▶ _RECORDS FOR THIS EXERCISE_
════════════════════

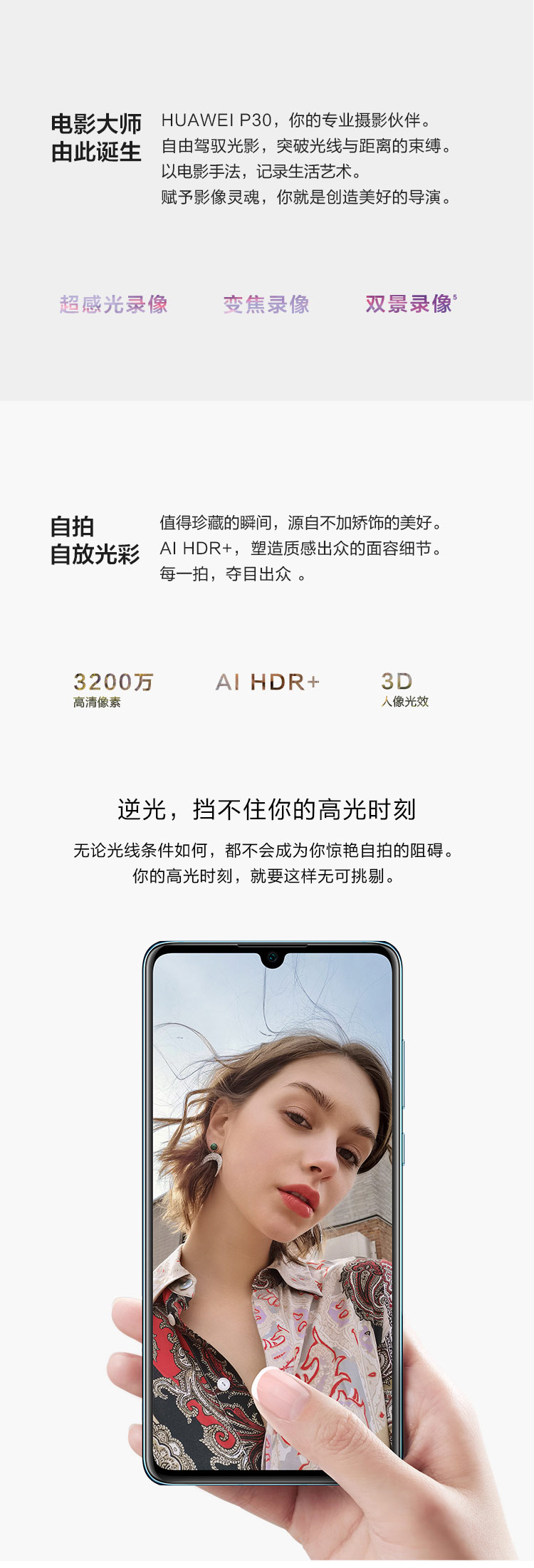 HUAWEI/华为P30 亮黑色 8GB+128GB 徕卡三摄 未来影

════════════════════

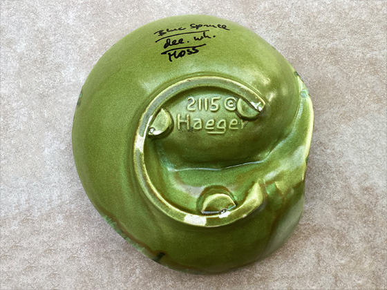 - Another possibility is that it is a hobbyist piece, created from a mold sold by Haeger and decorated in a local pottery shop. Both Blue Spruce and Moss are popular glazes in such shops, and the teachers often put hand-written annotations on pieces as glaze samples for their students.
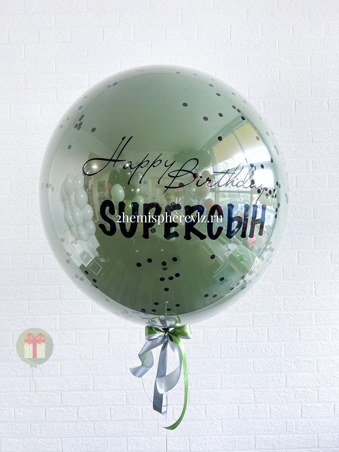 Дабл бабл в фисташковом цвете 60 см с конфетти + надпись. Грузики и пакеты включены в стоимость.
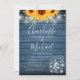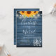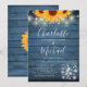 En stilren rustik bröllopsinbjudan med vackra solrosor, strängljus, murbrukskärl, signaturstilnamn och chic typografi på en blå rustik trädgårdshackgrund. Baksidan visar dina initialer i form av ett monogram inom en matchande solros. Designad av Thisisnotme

════════════════════

▶ _EXERCISE PROMPT_
Give back, exactly and without pictures, the stretch of the records above from the line containing "- Another possibility" through the line containing "En stilren rustik", with both end lines included.

▶ _RESULT_
 - Another possibility is that it is a hobbyist piece, created from a mold sold by Haeger and decorated in a local pottery shop. Both Blue Spruce and Moss are popular glazes in such shops, and the teachers often put hand-written annotations on pieces as glaze samples for their students.
 Дабл бабл в фисташковом цвете 60 см с конфетти + надпись. Грузики и пакеты включены в стоимость.
 En stilren rustik bröllopsinbjudan med vackra solrosor, strängljus, murbrukskärl, signaturstilnamn och chic typografi på en blå rustik trädgårdshackgrund. Baksidan visar dina initialer i form av ett monogram inom en matchande solros. Designad av Thisisnotme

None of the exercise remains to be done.